Below are the logs suggesting it:

[  189.944714] isert: isert_rdma_rw_ctx_post: Cmd: ffff882d233e83d0 failed to post RDMA res
[  189.944718] isert: isert_rdma_rw_ctx_post: Cmd: ffff882d233e83d0 failed to post RDMA res
[  189.944721] isert: isert_rdma_rw_ctx_post: Cmd: ffff882d233e83d0 failed to post RDMA res
[  189.944724] isert: isert_rdma_rw_ctx_post: Cmd: ffff882d233e83d0 failed to post RDMA res
[  189.944729] isert: isert_rdma_rw_ctx_post: Cmd: ffff882d233e83d0 failed to post RDMA res
[  189.944731] isert: isert_post_recv: ib_post_recv() failed with ret: -12
[  189.944731] isert: isert_put_datain: ib_post_recv failed with -12
[  189.944732] isert: isert_post_recv: ib_post_recv() failed with ret: -12
[  189.944733] isert: isert_put_datain: ib_post_recv failed with -12
[  189.944734] isert: isert_post_recv: ib_post_recv() failed with ret: -12
[  189.944735] isert: isert_put_datain: ib_post_recv failed with -12
[  189.944736] isert: isert_post_recv: ib_post_recv() failed with ret: -12
[  189.944736] isert: isert_put_datain: ib_post_recv failed with -12
[  189.944737] isert: isert_post_recv: ib_post_recv() failed with ret: -12
[  189.944738] isert: isert_put_datain: ib_post_recv failed with -12
[  189.944739] isert: isert_post_recv: ib_post_recv() failed with ret: -12
[  189.944740] isert: isert_put_datain: ib_post_recv failed with -12
[  189.944740] isert: isert_post_recv: ib_post_recv() failed with ret: -12
[  189.944741] isert: isert_put_datain: ib_post_recv failed with -12
[  189.944746] isert: isert_rdma_rw_ctx_post: Cmd: ffff882d233e83d0 failed to post RDMA res
[  189.944747] isert: isert_post_recv: ib_post_recv() failed with ret: -12
[  189.944748] isert: isert_put_datain: ib_post_recv failed with -12
[  189.944749] isert: isert_post_recv: ib_post_recv() failed with ret: -12
[  251.543847] ABORT_TASK: Found referenced iSCSI task_tag: 68
[  251.543858] ABORT_TASK: Sending TMR_FUNCTION_COMPLETE for ref_tag: 68
[  251.544071] ABORT_TASK: Found referenced iSCSI task_tag: 46
[  251.544076] ABORT_TASK: Sending TMR_FUNCTION_COMPLETE for ref_tag: 46
[  251.544300] ABORT_TASK: Found referenced iSCSI task_tag: 51
[  251.544307] ABORT_TASK: Sending TMR_FUNCTION_COMPLETE for ref_tag: 51
[  251.544528] ABORT_TASK: Found referenced iSCSI task_tag: 117
[  251.544533] ABORT_TASK: Sending TMR_FUNCTION_COMPLETE for ref_tag: 117
[  282.778402] Unable to locate ITT: 0x00000062 on CID: 0
[  282.778404] Unable to locate RefTaskTag: 0x00000062 on CID: 0.
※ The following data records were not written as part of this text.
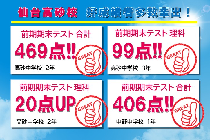 その他にも多くの生徒さんが高得点獲得・成績向上しております!
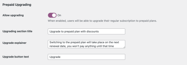 On the plugin setting page, you can find the section called ‘Prepaid Subscription Cancelling’, from where you can control how the canceling of prepaid subscriptions will be.
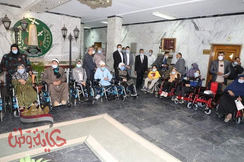 محافـظ المنوفية يسلم 13 كرسى كهربائى ودراجة بخارية
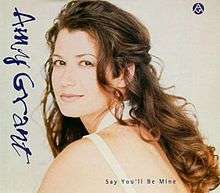 "Say You'll Be Mine" is a 1994 single by Christian music singer Amy Grant. It was released as the second single from the House of Love album in the United Kingdom. However, unlike the previous singles from House of Love, "Say You'll Be Mine" was not released in the United States. On her 2004 DVD release, Greatest Videos 1986-2004, Grant revealed that "Say You'll Be Mine" was planned as a U.S. single but the label pulled its release at the last minute. It performed better in the UK than its three predecessors, reaching #41.
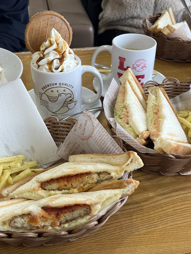 値段を忘れてしまいましたが、ご当地ホットサンド(もさ海老、蟹使用)とは別に、キャベツと卵、ケチャップとマヨネーズのシンプルな限定メニュー。飲み物とミニサラダ付き。サクサクパンにぎっしり具が入って美味しい♡
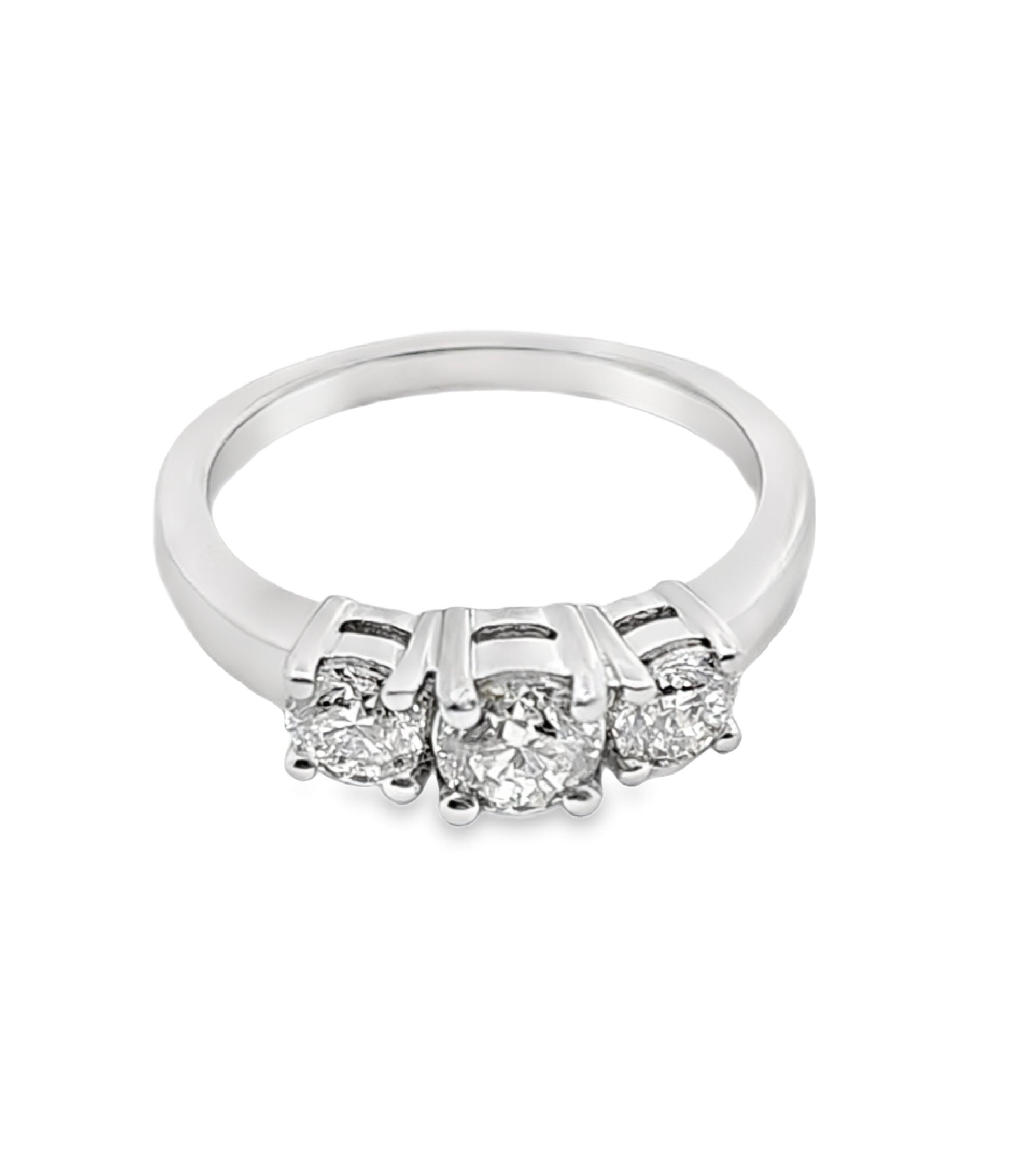 This Ring features a Trilogy 1.07 Ct Brilliant cut. Diamond Ring to suit all day long and any Occasion. The total Diamond weight is 1.07Ct.
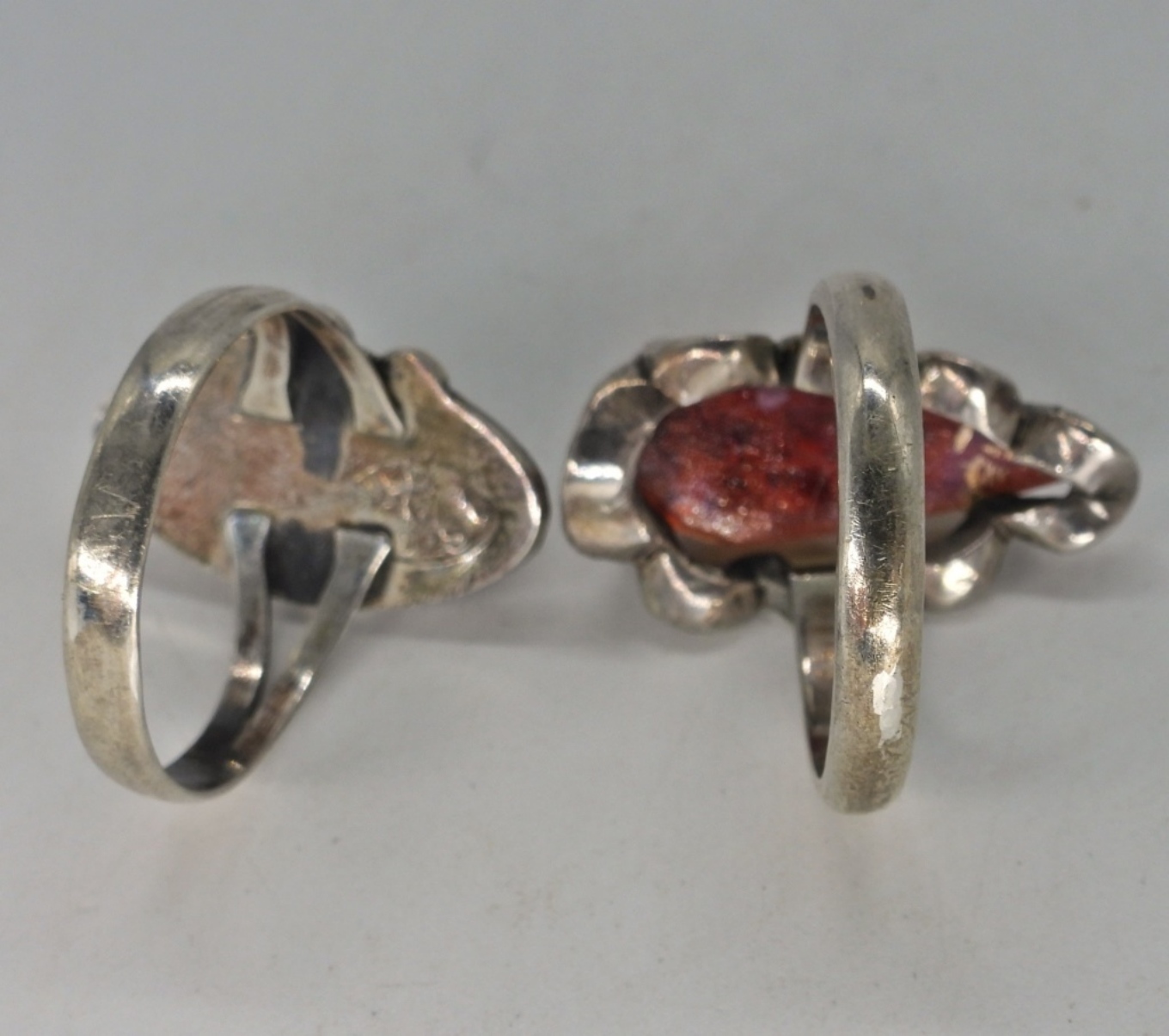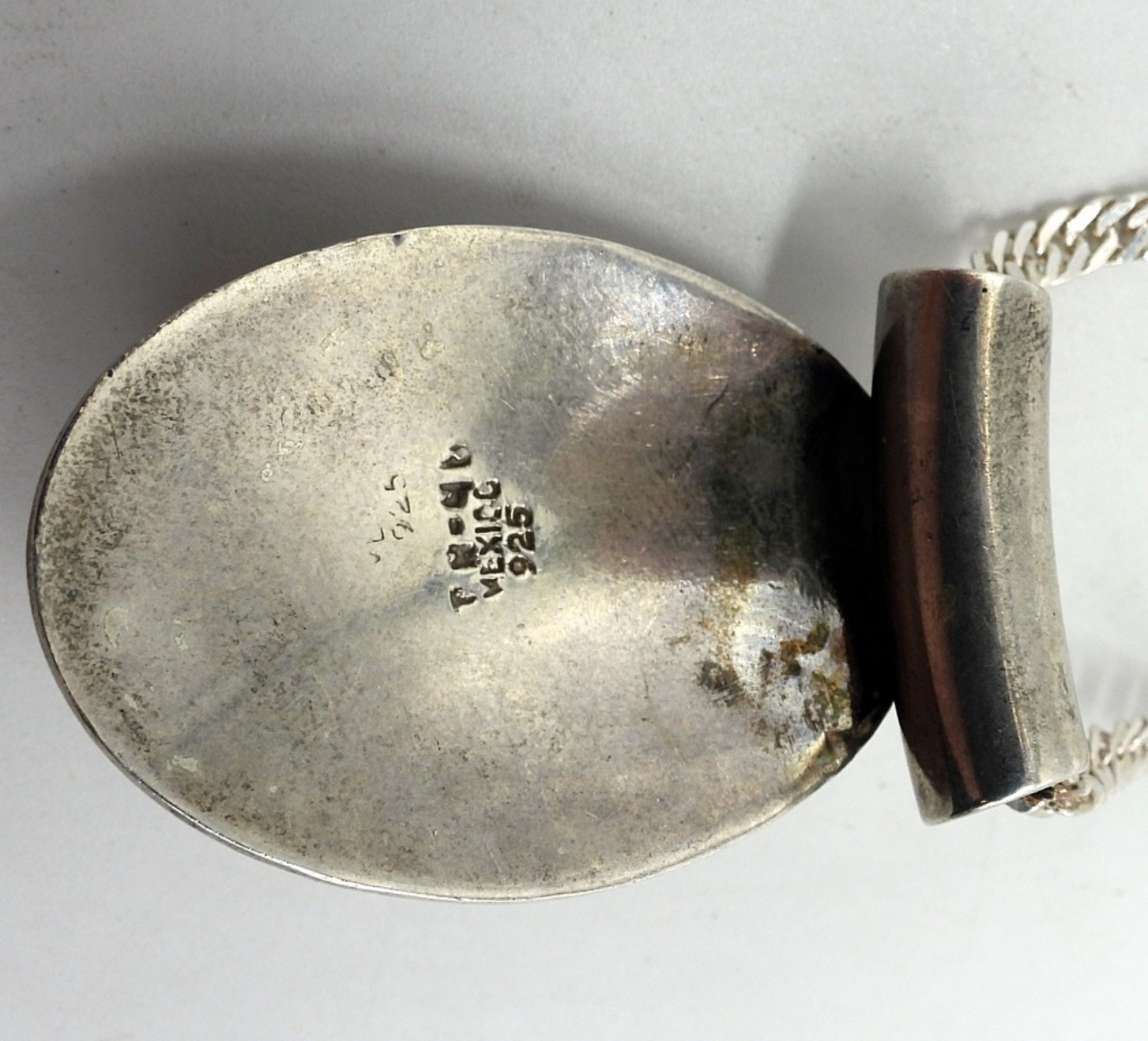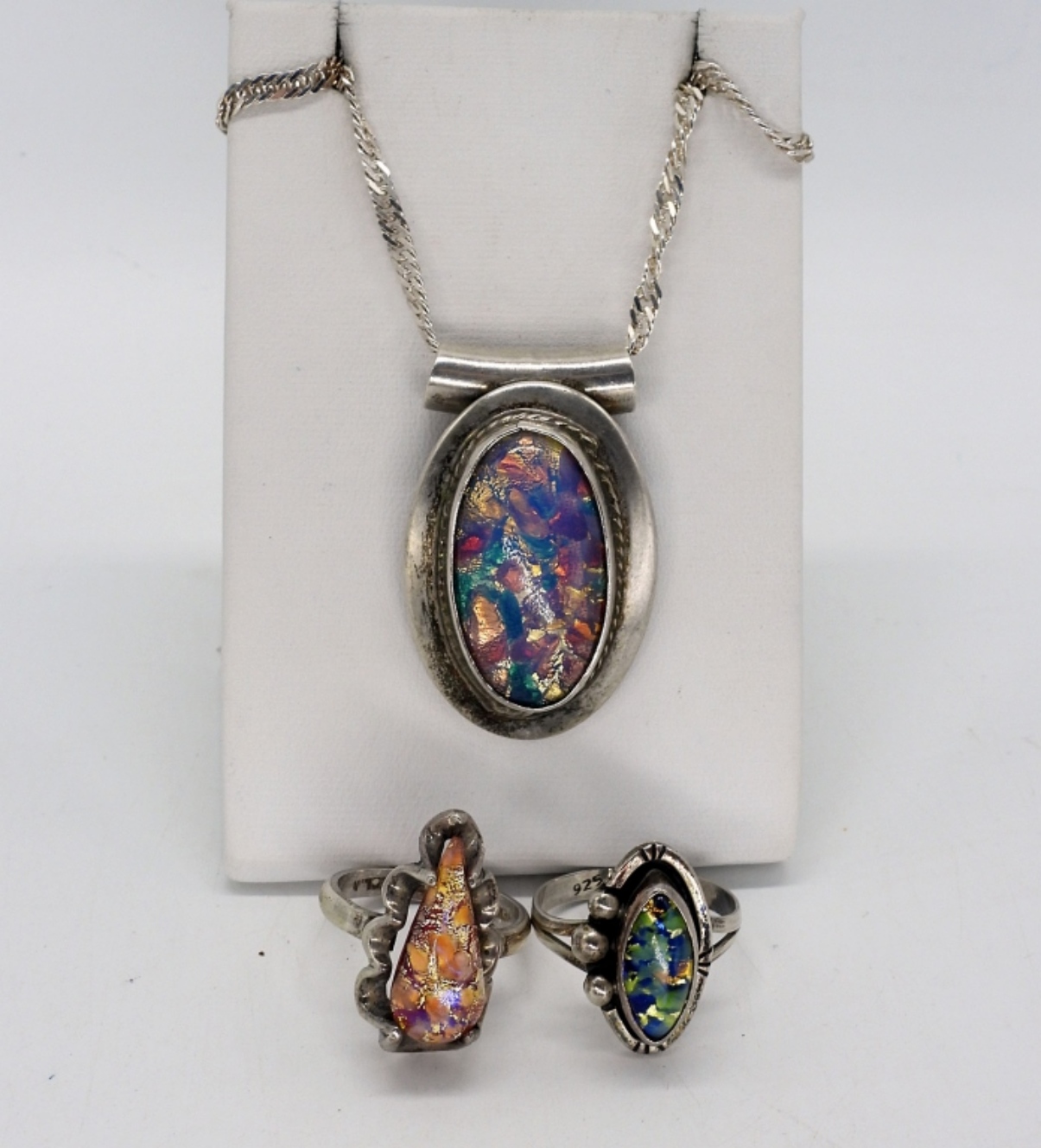 Taxco 925 mosaic glass slider pendant, 1 3/4″ long on a 18″ sterling chain. Two similar rings (not Taxco), sizes 7 & 9. (16.3 dwt)
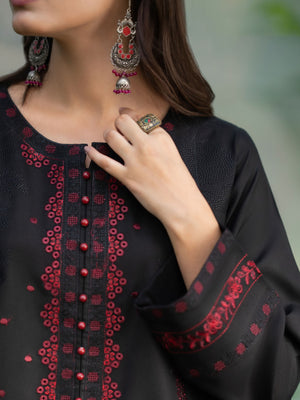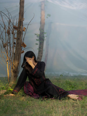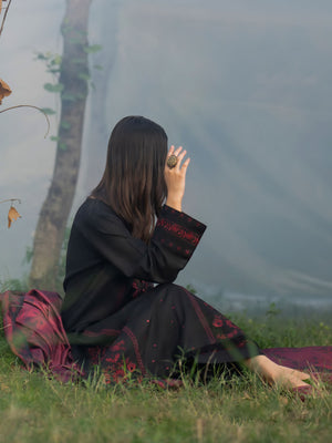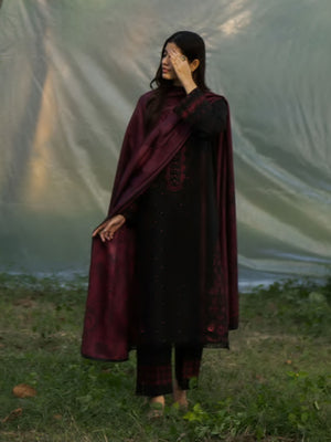 Casual Lite "Khunki" Premium Dhanak Suit with Pashmina Shawl - Black
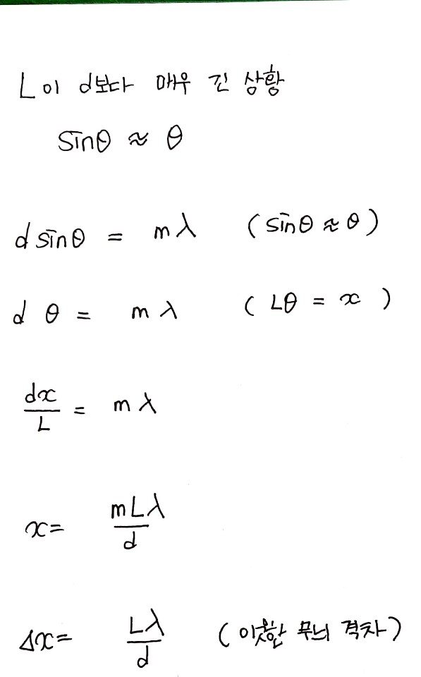 식에 따르면 이웃한 무늬 간격은 이중 슬릿의 간격(d)과 스크린까지의 거리(L) 그리고 빛의 파장(λ)에만 영향을 받는다.
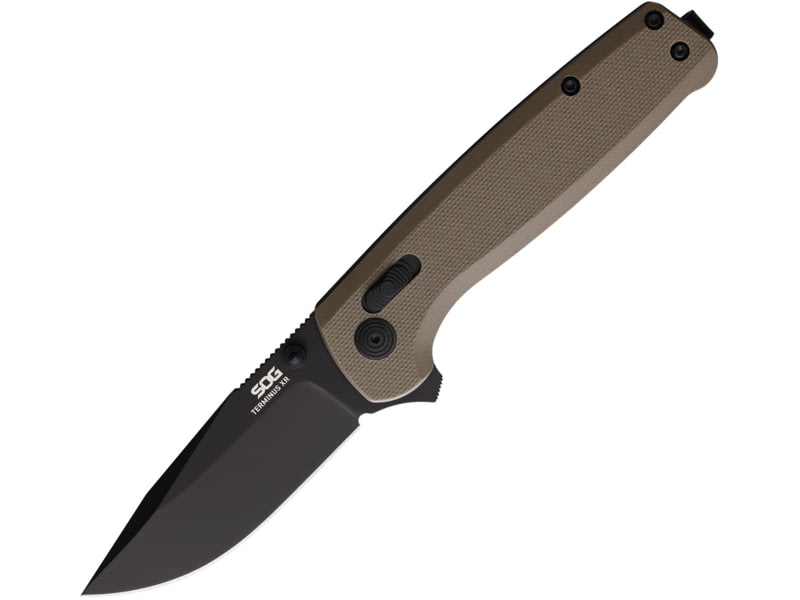 SOG Specialty Knives & Tools Terminus XR Lock Folding Knife 4.25in Closed 3in Black Finish D2 Tool Steel Blade Tan G10 Handle SOG-TM1048-BX. Tan G10 handle. Thumb stud. Extended tang. Lanyard hole. Pocket clip. Specifications for SOG Specialty...  Read more
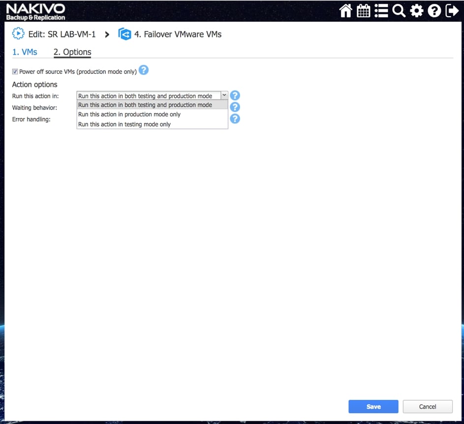 Zwieńczeniem automatyzacji procesów backupu i odtwarzania w Nakivo jest mechanizm Site Recovery. Mechanizm Site Recovery umożliwia utworzenie zestawu akcji, które mają być realizowane przez oprogramowania w określonej przez administratora kolejności w wypadku gdy dojdzie w środowisku do awarii, planowany jest serwis wirtualnej infrastruktury lub musimy udowodnić dla potrzeb wszelkiego rodzaju audytów wewnętrznych i zewnętrznych jak skutecznie i szybko jesteśmy w stanie odtworzyć nasze środowisko.
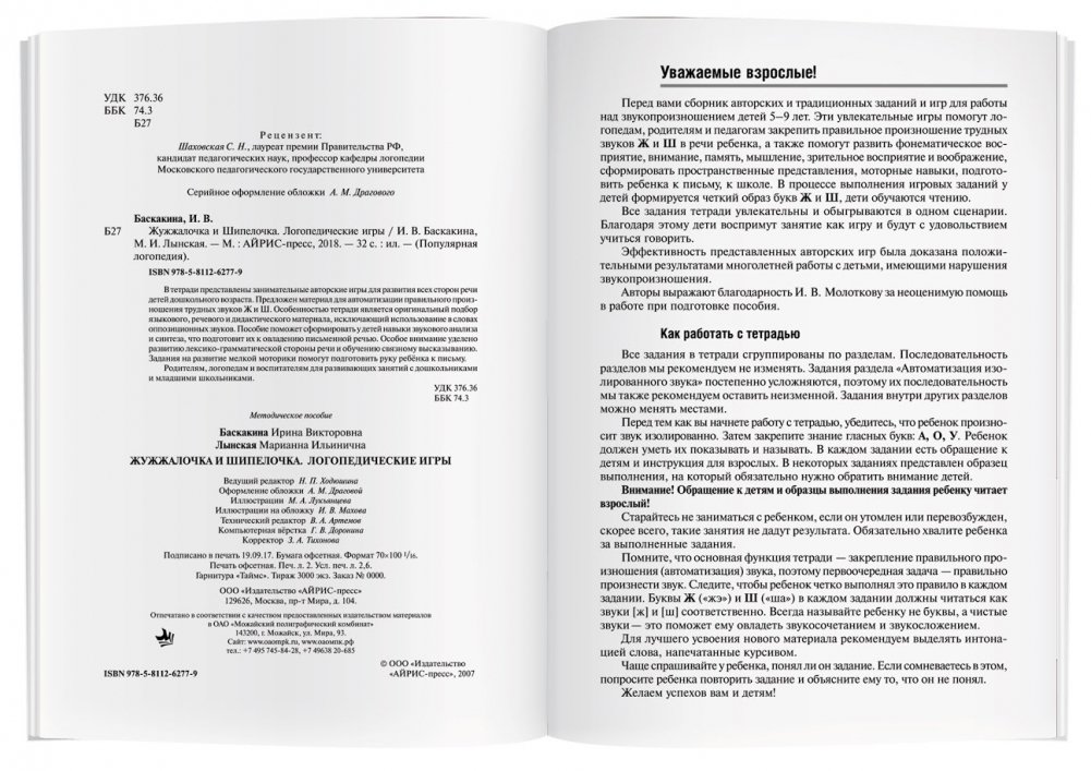 В тетради представлены занимательные авторские игры для развития всех сторон речи детей дошкольного возраста. Предложен материал для автоматизации правильного произношения трудных звуков Ж и Ш. Особенностью тетради является оригинальный подбор языкового, речевого и дидактического материала, исключающий использование в словах оппозиционных звуков. Пособие поможет сформировать у детей навыки звукового анализа и синтеза, что подготовит их к овладению письменной речью. Особое внимание уделено развитию лексико-грамматической стороны речи и обучению связному высказыванию. Задания на развитие мелкой моторики помогут подготовить руку ребенка к письму. Родителям, логопедам и воспитателям для развивающих занятий с дошкольниками и младшими школьниками.
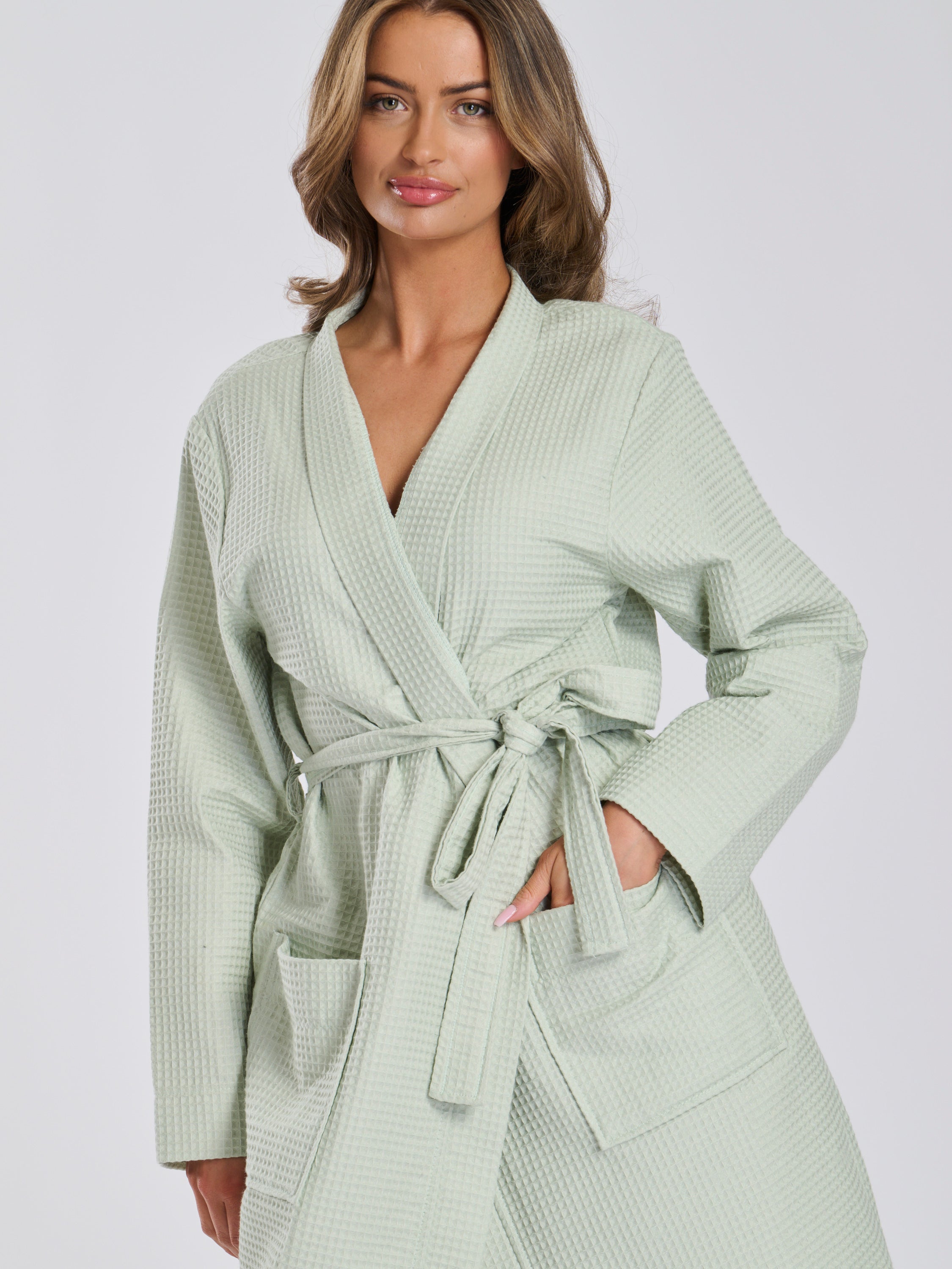 • Classic robe design with a tie waist

[  282.778407] ABORT_TASK: Sending TMR_TASK_DOES_NOT_EXIST for ref_tag: 0
[  282.778436] ABORT_TASK: Found referenced iSCSI task_tag: 37
[  282.778439] ABORT_TASK: Sending TMR_FUNCTION_COMPLETE for ref_tag: 37
[  282.778519] ABORT_TASK: Found referenced iSCSI task_tag: 65
[  282.778522] ABORT_TASK: Sending TMR_FUNCTION_COMPLETE for ref_tag: 65
[  282.778559] Unable to locate ITT: 0x00000019 on CID: 0
[  282.778560] Unable to locate RefTaskTag: 0x00000019 on CID: 0.
[  282.778563] ABORT_TASK: Sending TMR_TASK_DOES_NOT_EXIST for ref_tag: 0
[  293.004632] ABORT_TASK: Found referenced iSCSI task_tag: 22
[  293.004643] ABORT_TASK: Sending TMR_FUNCTION_COMPLETE for ref_tag: 22
[  293.004808] TMR Opcode TARGET_WARM_RESET authorization failed for Initiator Node: iqn.1994-05.com.redhat:37fc2b6a5331
[  310.265993] iSCSI Login timeout on Network Portal 10.0.2.2:3260
[  493.567143] INFO: task iscsi_np:3998 blocked for more than 120 seconds.
[  493.567149]       Tainted: G           OE   4.9.0-For-DSGL-Debug+ #1
[  493.567151] "echo 0 > /proc/sys/kernel/hung_task_timeout_secs" disables this message.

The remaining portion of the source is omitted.